Oh dear, so we should not have completed it! I presume they will just ignore it if it is irrelevant to our application.


----------



## Joppa (Sep 7, 2009)

Hopefully. Disclosing unnecessary financial information can complicate your application.


----------



## Whatshouldwedo (Sep 29, 2013)

Joppa said:


> Hopefully. Disclosing unnecessary financial information can complicate your application.


I saw someone else, I think on another forum, mention their surprise at that section but there was no indication that, applying under settlement, settlement, husband, that you should not complete that section. I hope any new application forms are much clearer. Of course, we are at their mercy so what will be, will be.


----------



## Lihong (Jul 2, 2013)

Yes, Whatshouldwedo, I hope so.

Joppa, I will use your advice and say 'not applicable'. I think maybe I should write a note in 'Additional Information' section and say why.


----------



## Karra (Jun 6, 2013)

Lihong said:


> Yes, Whatshouldwedo, I hope so.
> 
> Joppa, I will use your advice and say 'not applicable'. I think maybe I should write a note in 'Additional Information' section and say why.
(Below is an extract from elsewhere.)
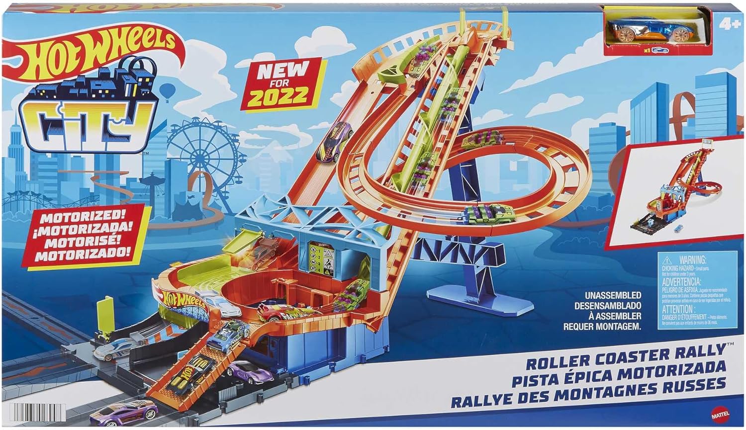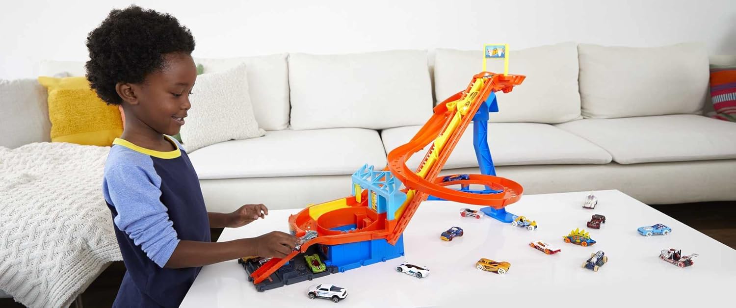 L'azione motorizzata del set da gioco Roller Coaster Rally di Hot Wheels City rende le avventure senza fine e portano l'esperienza di Hot Wheels all'estremo. Viene fornito con 1 veicolo Hot Wheels e ha spazio per giocare fino a 7 veicoli giocattolo alla volta (i veicoli aggiuntivi sono venduti separatamente) grazie alle dimensioni e al movimento continuo del set da gioco. I bambini possono controllare il deragliatore che determina il percorso che i veicoli prenderanno sulle piste, in modo che la sfida aumenta con ogni veicolo aggiuntivo aggiunto al set. Si collega con altri set Hot Wheels City per ispirare storie creative e avventure sorprendenti. È un ottimo regalo per bambini dai 4 agli 8 anni e, grazie al quale include un veicolo Hot Wheels, il divertimento inizia immediatamente.

Now not completing the applicants employment section is something new I am learning! While it may be irrelevant, but the application will not be complete without that section and will we be able to submit it? 

Can someone who applied for the same category Settlement-Settlement- Wife/Husband share their experience?


----------



## Lihong (Jul 2, 2013)

Karra, you are right. Have to answer some questions to complete section. 

I am in full time employment
I am in China
I started work day/month/year
I have no other work

We have written this note to put in Additional Information.

Employment section

I have added ‘not applicable’ to these questions so there is no confusion that I am applying using my income. I am aware that I cannot use my income towards meeting the financial requirement. 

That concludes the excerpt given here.